What to work on
Word for word, repeat the lines of the records from the first line up to and including the line that contains "Work: Multicoloured embroidery", passing over any pictures.

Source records
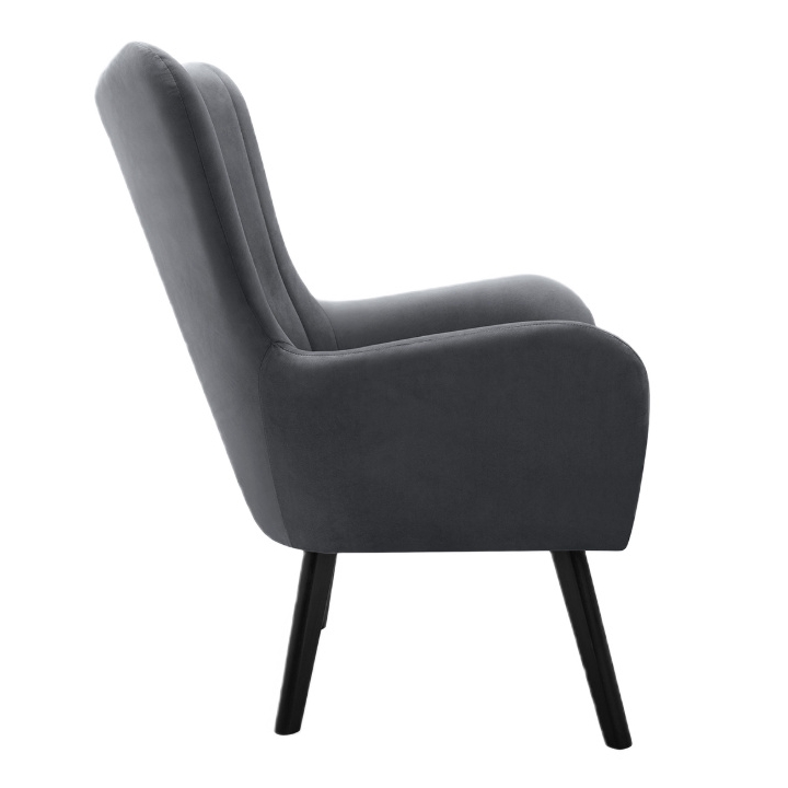 Its ergonomic form provides excellent comfort, while the vertical stitching and distinctive backrest lines give the armchair a unique character. The black wooden legs serve as a strong visual accent, highlighting the chair’s modern style. The polyurethane foam seat and backrest filling ensures softness, resilience, and long-lasting comfort.
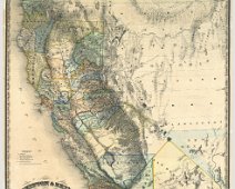 Full color by counties, with heavy outlines around the states. detail mining districts, political divisions, emigrant trails, the Santa Fe Trail, the Pony…
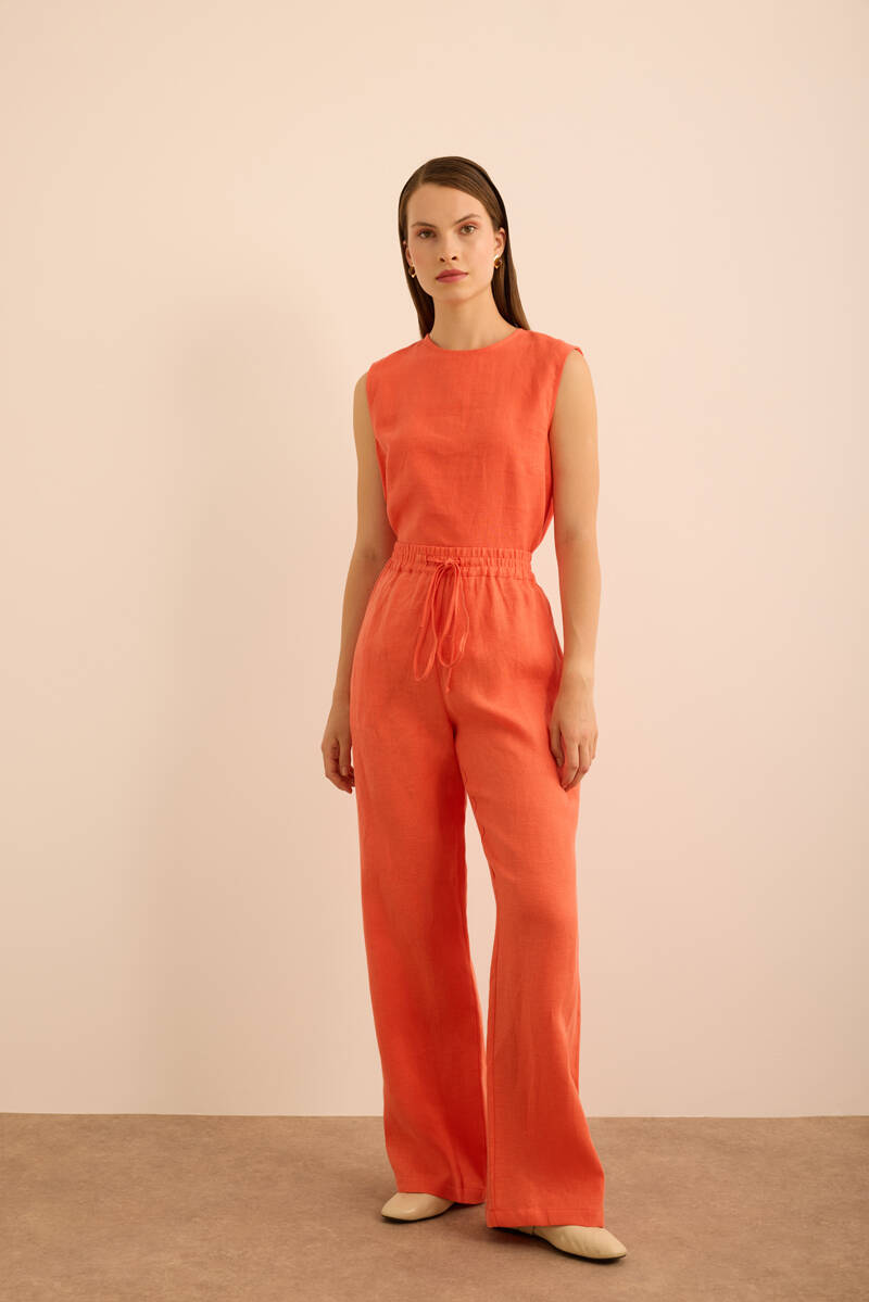 Mercan Bisiklet Yaka Kolsuz Keten Bluz
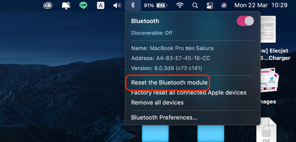 กดปุ่ม Option + Shift ค้างไว้พร้อมกันที่คีย์บอร์ด แล้วคลิกไอคอน Bluetooth ที่ Menu Bar > คลิกเลือก Reset the Bluetooth module
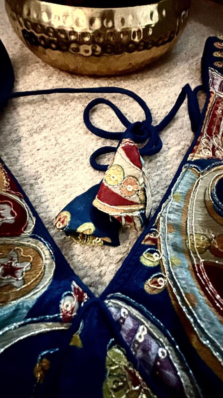 Work: Multicoloured embroidery with gold zari & sequins
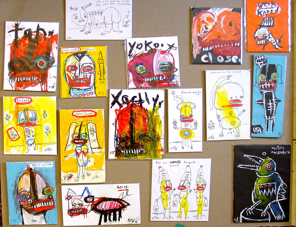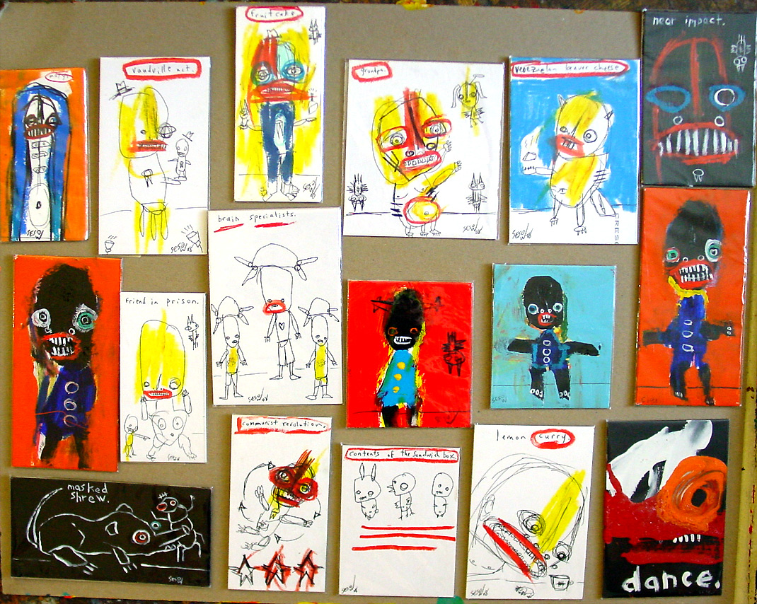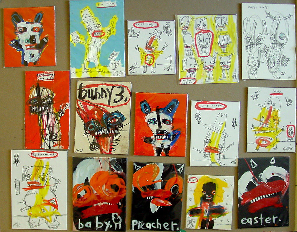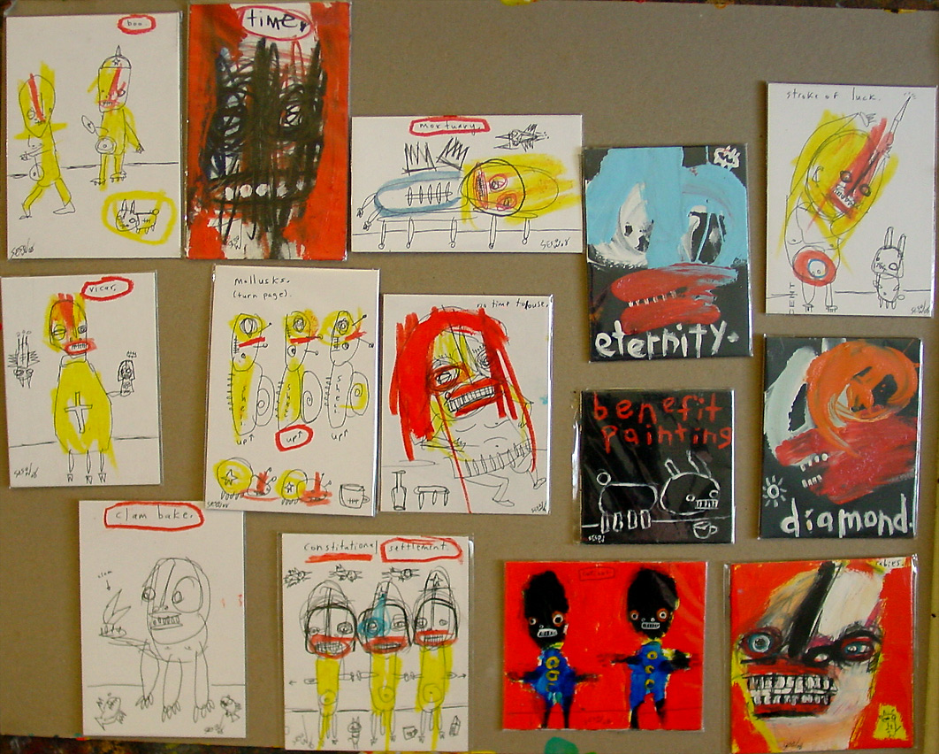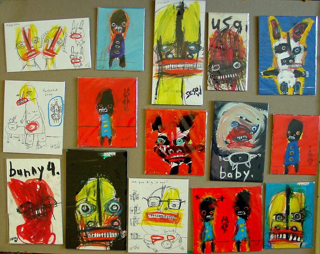 Small paintings, September 2008 approx. 4" x 6" acrylic/mixed on archival matboard (shown in clear plastic bag) $35 shipped email sesow.com to reserve |
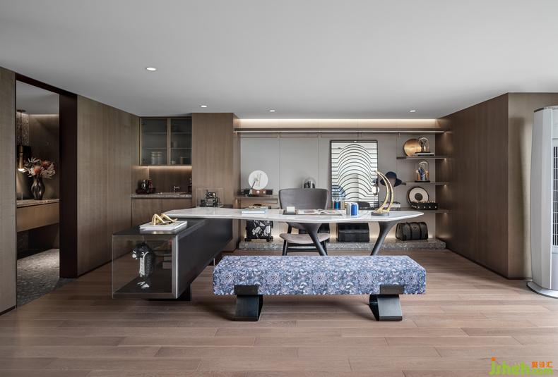 工作區(qū)域風(fēng)格雅致溫潤(rùn),色調(diào)的和諧統(tǒng)一將高光通透、樣板房設(shè)計(jì)極具質(zhì)感的材料和物件襯托起來(lái),再結(jié)合不同材質(zhì)的灰色加以點(diǎn)綴,灰色中不乏亮點(diǎn)。體現(xiàn)出現(xiàn)代人對(duì)品質(zhì)生活的態(tài)度和細(xì)節(jié)追求。

Task response
 Its ergonomic form provides excellent comfort, while the vertical stitching and distinctive backrest lines give the armchair a unique character. The black wooden legs serve as a strong visual accent, highlighting the chair’s modern style. The polyurethane foam seat and backrest filling ensures softness, resilience, and long-lasting comfort.
 Full color by counties, with heavy outlines around the states. detail mining districts, political divisions, emigrant trails, the Santa Fe Trail, the Pony…
 Mercan Bisiklet Yaka Kolsuz Keten Bluz
 กดปุ่ม Option + Shift ค้างไว้พร้อมกันที่คีย์บอร์ด แล้วคลิกไอคอน Bluetooth ที่ Menu Bar > คลิกเลือก Reset the Bluetooth module
 Work: Multicoloured embroidery with gold zari & sequins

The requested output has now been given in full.